McClellan: Too busy to report on Cheney shooting

The "first priority" was ensuring that Cheney's victim got proper medical care.

Published February 13, 2006 6:05PM (EST)

With everyone from CBS to the National Review Online raising questions about the White House decision to slow-roll news of Dick Cheney's hunting accident, we'd like to chime in with a question for Scott McClellan: Just how many members of the White House press staff were directly involved in the medical care for Cheney's victim?

Under siege from reporters at this morning's press gaggle, McClellan defended the slow release of information on the shooting by saying that the "first priority ... was making sure that Mr. Whittington was getting the medical care that he needed." We can't quibble with that, and we're happy to hear that Cheney's medical team was on hand to provide Whittington with top-notch care before he was taken to one hospital and then another for further treatment.

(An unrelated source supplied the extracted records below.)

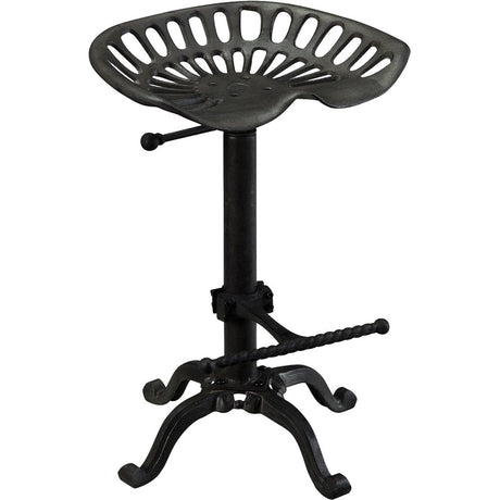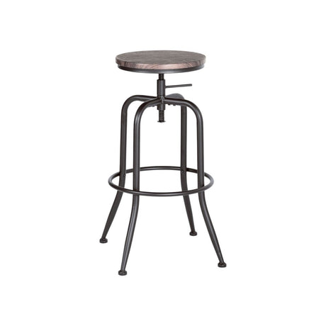 Chestnut And Black Solid Wood And Steel Adjustable Height Swivel Bar Chair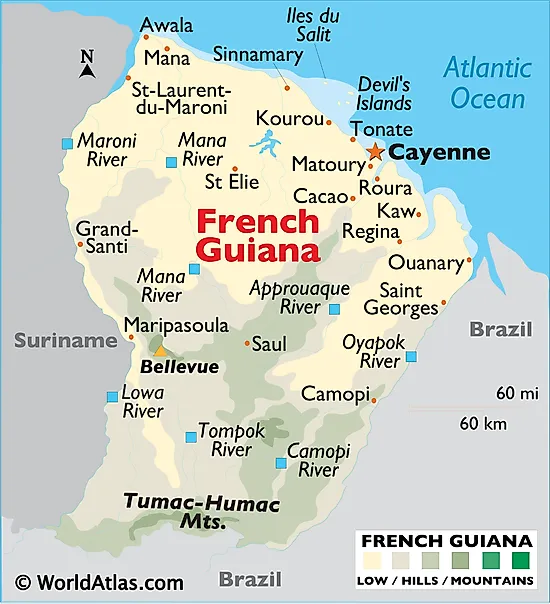 French Guiana is an overseas region and department of France that is located in the northeastern edge of South America. It is geographically positioned in the Northern and Western hemispheres of the Earth. French Guiana is bordered by Brazil in the east and south; by Suriname in the west and by the Atlantic Ocean in the northeast.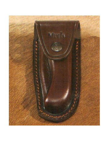 Details zoals de twee metalen inlegstukken in het handvat voegen niet alleen visueel karakter toe, maar helpen ook de richting van het mes waar te nemen tijdens het hanteren. De nylon hoes draagt bij aan het transport, beschermt het lemmet zonder onnodig gewicht toe te voegen, klaar om in een rugzak of aan een riem te worden opgeborgen.
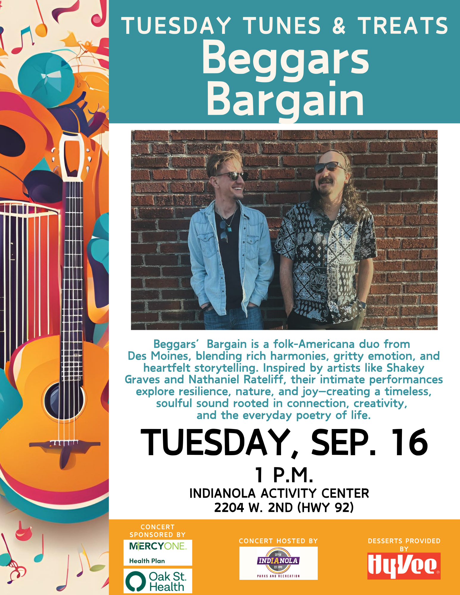 Free concert, thanks to MercyOne Health Plan and our Platinum Sponsor, Oak St. Health. Refreshments provided by Indianola Hy-Vee.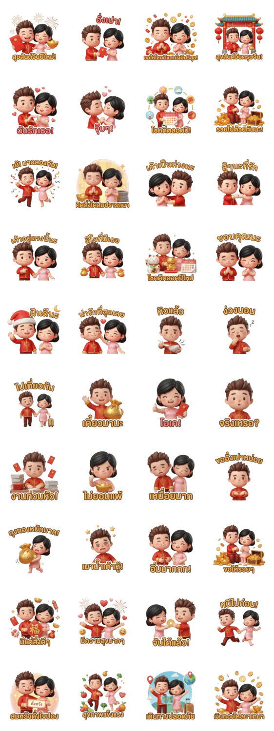 | スタンプ説明 | Celebrate Chinese New Year with this adorable 3D cartoon couple! Sharing love, good fortune, and festive cheer with angpaos and golden pouches. |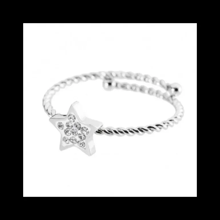 Anello regolabile in acciaio con stella e cristalli Materiale: acciaio, cristalli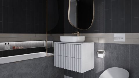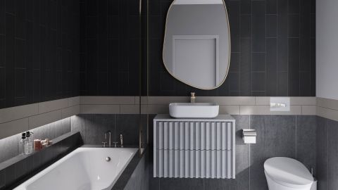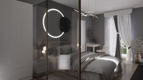 A földszinti hálószobához közvetlenül kapcsolódik egy gardróbszoba és egy fürdőszoba, amely privát szférát teremt és személyre szabható kényelmet nyújt.

But once the doors closed on Cheney's ambulance Saturday afternoon, wasn't the White House role in Whittington's medical care pretty much over? And if Andy Card and Karl Rove had time to brief the president, and if -- as McClellan says -- the Office of the Vice President had time to "work with" Bush-Cheney Pioneer Katharine Armstrong to get the story out, how is it that the hardworking staffers in the White House press office didn't have time to inform the public of the incident before they were called on it Sunday afternoon?

"We are concerned when an official of the United States is involved in a shooting and 24 hours passes without official word coming out," Kathleen Carroll, executive editor for the Associated Press, tells Editor and Publisher. "The vice president's office did not choose to announce it, go public with it. We are talking to everyone this morning about what happened, who is responsible, and the issues related to who should say something and why."

The Washington Post's Peter Baker said today that he's "not sure there is a standard protocol when the vice president shoots someone." There is, however, a standard protocol when the Bush administration is faced with bad news, and it seems to have been in full effect this weekend.

By Tim Grieve

Tim Grieve is a senior writer and the author of Salon's War Room blog.